(DATA SEGMENT begins)
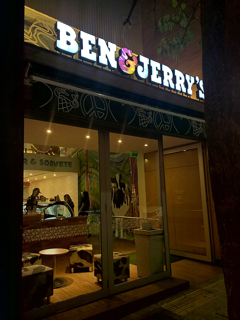 Localizado na Oscar Freire e depois de esperar muito tempo para visitar (confesso que eu fujo de muvucas e, por lá, demorou pra passar), fui conhecer a loja da Ben & Jerry’s que está na Oscar Freire, região de alto padrão de São Paulo, uma rua que é referencia de moda, pelas lojas que estão por lá, mas, eu vim falar de COMIDA! Mais precisamente, a parte da sobremesa.
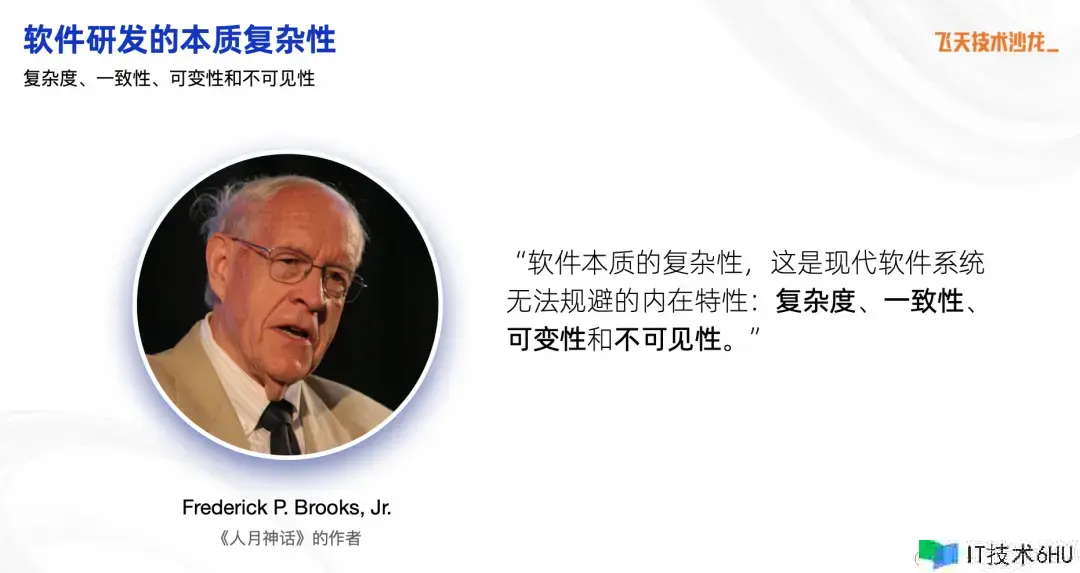 在 2023 年 6 月,咱们组织过一次大规模的专家研讨会,在这个研讨会上咱们都在评论智能化未来对软件研制或许软件工程范畴的深刻影响。在这个会上,咱们有位专家提出了一个观念,他以为软件工程是人类历史上榜首次大规模的集体智力的协作活动,它本身是有实质的杂乱性在的。例如《人月神话》的作者所讲的,他以为软件实质的杂乱性是现在软件系统中无法规避的内涵特性,比方杂乱度、共同性、可变性和不行见性。
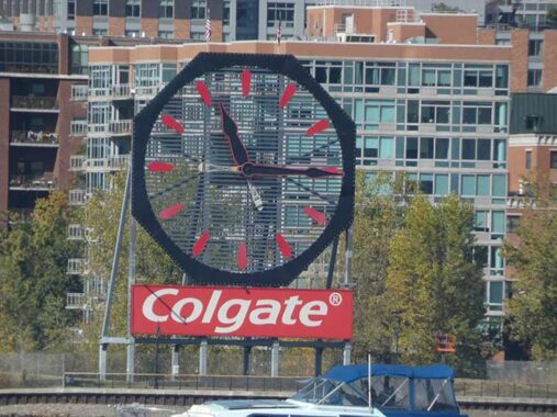 Overlooking the Hudson River, the octagonal Colgate clock and signage perched on a company structure remained unaltered until 1983. The signage “Soaps-Perfumes” was removed and a toothpaste tube, advertising one of Colgate’s best selling products, took its place. Two years later and after 141 years in Jersey City, Colgate decided to move out, citing the need for improved facilities that its original manufacturing complex could not provide. The entire complex was razed, and the clock, without the toothpaste tube, was lowered to ground level as a freestanding icon on the future Goldman Sachs property, where it stood for fifteen years. The 24-acre site became part of the redevelopment of the Jersey City waterfront at Exchange Place that began in the early 1990s.
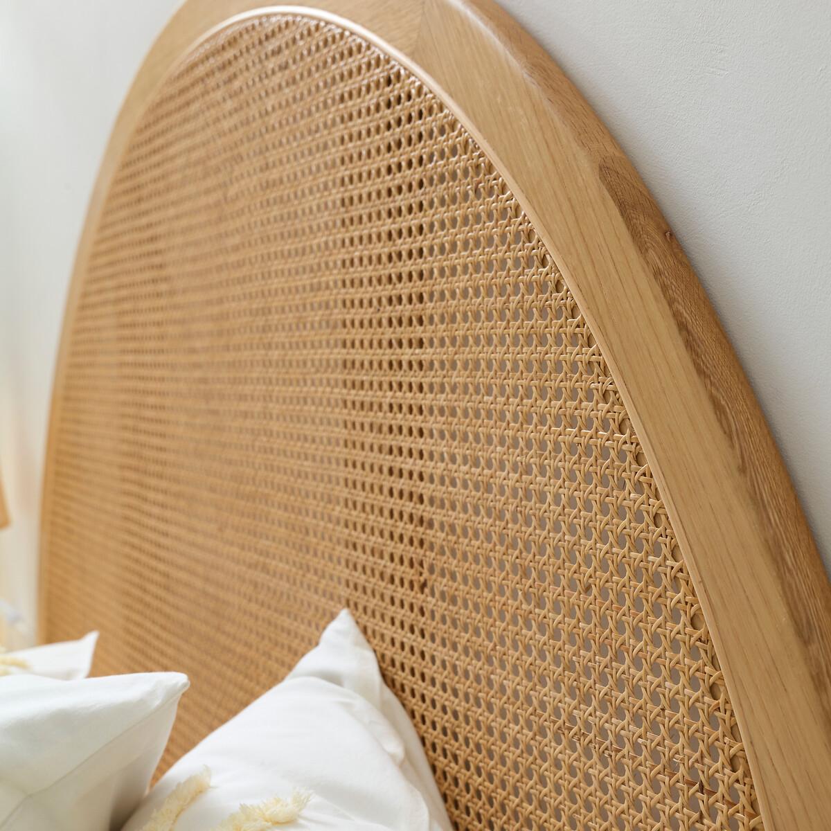 Rounded shape, rattan canework... The Homi headboard is part of the vintage trend. Its simple design blends perfectly into all styles of decoration. Created by La Redoute Interiors. Product Details • Structure in solid finger-jointed oak veneered with oak veneer, reinforcing bars in poplar veneered with oak. FSC® certified wood • Nitrocellulose varnish finish • Woven rattan • May be fixed to wall Dimensions • Total Length: 165cm • Height: 140cm • Depth: 4cm • Height of legs: 30cm • Weight: 14.4kgDelivery:. Sold pre-assembled. Note! Please check that all access points are large enough to accommodate your delivery (doors, stairs, lifts). • WOOD FROM SUSTAINABLY MANAGED FORESTS. FSC® certified wood comes from forests that are environmentally, socially and economically well managed. Dimensions and weight of parcel • 1 parcel • L175 x H149 x 9cm. 15kg
(DATA SEGMENT ends)
Produce a word-for-word version of the material, with no pictures included.

 Localizado na Oscar Freire e depois de esperar muito tempo para visitar (confesso que eu fujo de muvucas e, por lá, demorou pra passar), fui conhecer a loja da Ben & Jerry’s que está na Oscar Freire, região de alto padrão de São Paulo, uma rua que é referencia de moda, pelas lojas que estão por lá, mas, eu vim falar de COMIDA! Mais precisamente, a parte da sobremesa.
 在 2023 年 6 月,咱们组织过一次大规模的专家研讨会,在这个研讨会上咱们都在评论智能化未来对软件研制或许软件工程范畴的深刻影响。在这个会上,咱们有位专家提出了一个观念,他以为软件工程是人类历史上榜首次大规模的集体智力的协作活动,它本身是有实质的杂乱性在的。例如《人月神话》的作者所讲的,他以为软件实质的杂乱性是现在软件系统中无法规避的内涵特性,比方杂乱度、共同性、可变性和不行见性。
 Overlooking the Hudson River, the octagonal Colgate clock and signage perched on a company structure remained unaltered until 1983. The signage “Soaps-Perfumes” was removed and a toothpaste tube, advertising one of Colgate’s best selling products, took its place. Two years later and after 141 years in Jersey City, Colgate decided to move out, citing the need for improved facilities that its original manufacturing complex could not provide. The entire complex was razed, and the clock, without the toothpaste tube, was lowered to ground level as a freestanding icon on the future Goldman Sachs property, where it stood for fifteen years. The 24-acre site became part of the redevelopment of the Jersey City waterfront at Exchange Place that began in the early 1990s.
 Rounded shape, rattan canework... The Homi headboard is part of the vintage trend. Its simple design blends perfectly into all styles of decoration. Created by La Redoute Interiors. Product Details • Structure in solid finger-jointed oak veneered with oak veneer, reinforcing bars in poplar veneered with oak. FSC® certified wood • Nitrocellulose varnish finish • Woven rattan • May be fixed to wall Dimensions • Total Length: 165cm • Height: 140cm • Depth: 4cm • Height of legs: 30cm • Weight: 14.4kgDelivery:. Sold pre-assembled. Note! Please check that all access points are large enough to accommodate your delivery (doors, stairs, lifts). • WOOD FROM SUSTAINABLY MANAGED FORESTS. FSC® certified wood comes from forests that are environmentally, socially and economically well managed. Dimensions and weight of parcel • 1 parcel • L175 x H149 x 9cm. 15kg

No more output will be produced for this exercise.